We believe that Generative AI will be no different, and Israel will breed vertical application and infrastructure category leaders. The nature of those categories requires significantly lower capital resources compared to LLM and Diffusion Model providers. Moreover, the slow enterprise adoption inhibits growth rates, making those categories natural laggers. This can also explain the lack of chat.gpt 3.5 related VC uplift in Israel. Nonetheless, like in the cloud revolution, vertical and infrastructure-generative AI category leaders will emerge, and many will have Israeli origins.
It’s hard to predict how this dynamic space will develop. Nonetheless, some trends are unfolding, and founders should consider them:
1. The Generative AI application layer is dissipating as SaaS companies continue introducing Generative AI into their core products. Founders should consider how to win incumbents best positioned to build out Generative AI add-ons.
2. Incumbents will dominate horizontal Generative AI applications. They own the data, have superior access to an existing client base, and it’s relatively easy to build Generative AI layers as product features. Horizontal Application startups may find fewer barriers to entry, an educated market, and a large TAM, but they will need to face severe competition, and differentiation will be challenging.
3. Horizontal AI applications that enhance or replace human-powered services will prevail in spaces where traditional SaaS and AI are lacking.
4. Vertical Generative AI startups will stand out and become sticky by providing deep industry-specific solutions. Moreover, they will justify higher ACVs and gain market share from generic horizontal solutions.
5. CSPs, AI Model Providers, and Developer Platforms will dominate the AI infrastructure. They are highly innovative, well-funded and well-positioned commercially.
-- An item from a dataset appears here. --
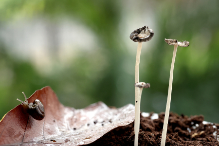 A quiet moment unfolds on the forest floor: a lone snail inches across a brittle leaf, while three slender mushrooms rise like sentinels from the soil. Their delicate stems and curled caps echo the fragility of life in miniature. This image captures the hush of nature’s slow choreography—where decay, growth, and movement coexist in silent harmony.

Moreover, Generative AI corporate adoption is top of mind for all three types of players.
6. The AI Infrastructure startup landscape is dense. To stand out, startups must come up with clearly differentiated solutions. We see room for such differentiation in data pipelines, observability, high-performance databases, and low-level AI chipset optimization solutions (Cuda killers).
What would it take for startups to succeed?
1. Founders with strong product capabilities who are customer-centric and able to adapt the product in a highly dynamic environment.
2. Significant technology on top of Generative AI capabilities, transcending simple API or UX innovation.
3. Flexible architecture supporting multi-models and leveraging AI Agents.
4. A clear advantage over CSPs and Model Providers in a less crowded space.
5. AI applications that have the potential to replace knowledge-based human services requiring real-time interaction.
6. Clear ideal customer profile (ICP) and competitive advantage over human services, SaaS, and AI alternatives.
7. Methodology creating dependencies and stickiness among users.